Home > Servers > PowerEdge Cyber Security > White Papers > Securing AI workloads on Dell PowerEdge with Intel Xeon processors using Intel Trust Domain Extensions > Test results
The outcome of the tests is tabulated in the following table:
| 128 Input Tokens/32 Output Tokens | 2048 Input Tokens/32 Output Tokens | ||||
Precision | FP32 | BF16 | INT8 | FP32 | BF16 | INT8 |
TDX | 61.2 | 35.9 | 25.63 | 67.03 | 39.93 | 29.33 |
NO TDX | 59.93 | 34.97 | 24.93 | 65.2 | 38.8 | 28.83 |
TDX Overhead | 2.12% | 2.66% | 2.81% | 2.81% | 2.91% | 1.73% |
Table 1 presents 5th Gen Intel® Xeon® Platinum 8562Y+ for LLama2-7B performance with TDX vs. without TDX and shows an overhead of less than 3% across fp32, bf16, and int8. For most use cases, such overhead is minimal and acceptable, reinforcing the fact that the benefits of security need not be traded off for performance.
Figure 4 presents 5th Gen Intel® Xeon® Platinum 8462Y+ for LLama2-7B performance secured with TDX and shows a performance improvement of 1.7x for bf16 and 2.3x for int8 using Intel® AMX over fp32 using Intel® AVX512. The performance acceleration benefits of Intel® AMX for AI workloads continue to be seen even when the security is enabled with TDX.
Benchmark results are highly dependent upon the workload, the specific application requirements, and the system design and implementation.
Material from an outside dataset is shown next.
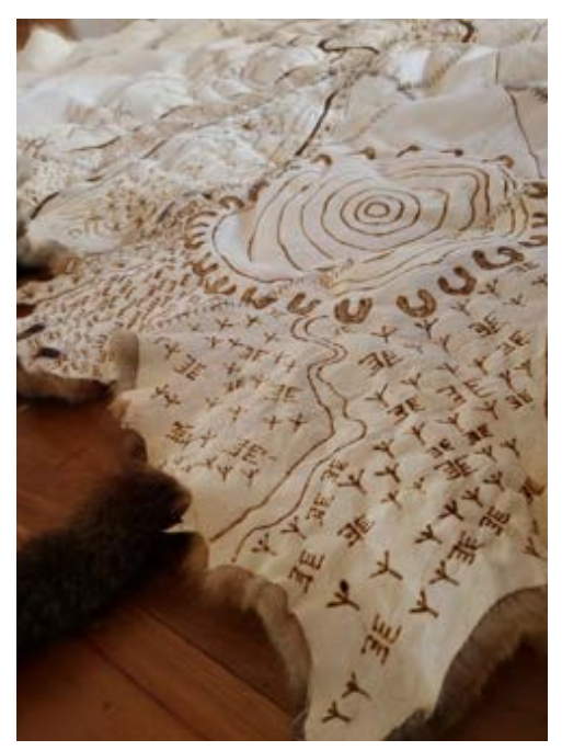
SPEAKING IN COLOUR CULTURAL RESURGENCE

Relative system performance will vary due to these and other factors. Therefore, this workload should not be used as a substitute for a specific customer application benchmark when critical capacity planning and/or product evaluation decisions are contemplated.
All performance data contained in this report was obtained in a rigorously controlled environment. Results obtained in other operating environments may vary significantly. Dell Technologies does not guarantee or represent that a user can or will achieve similar performance results.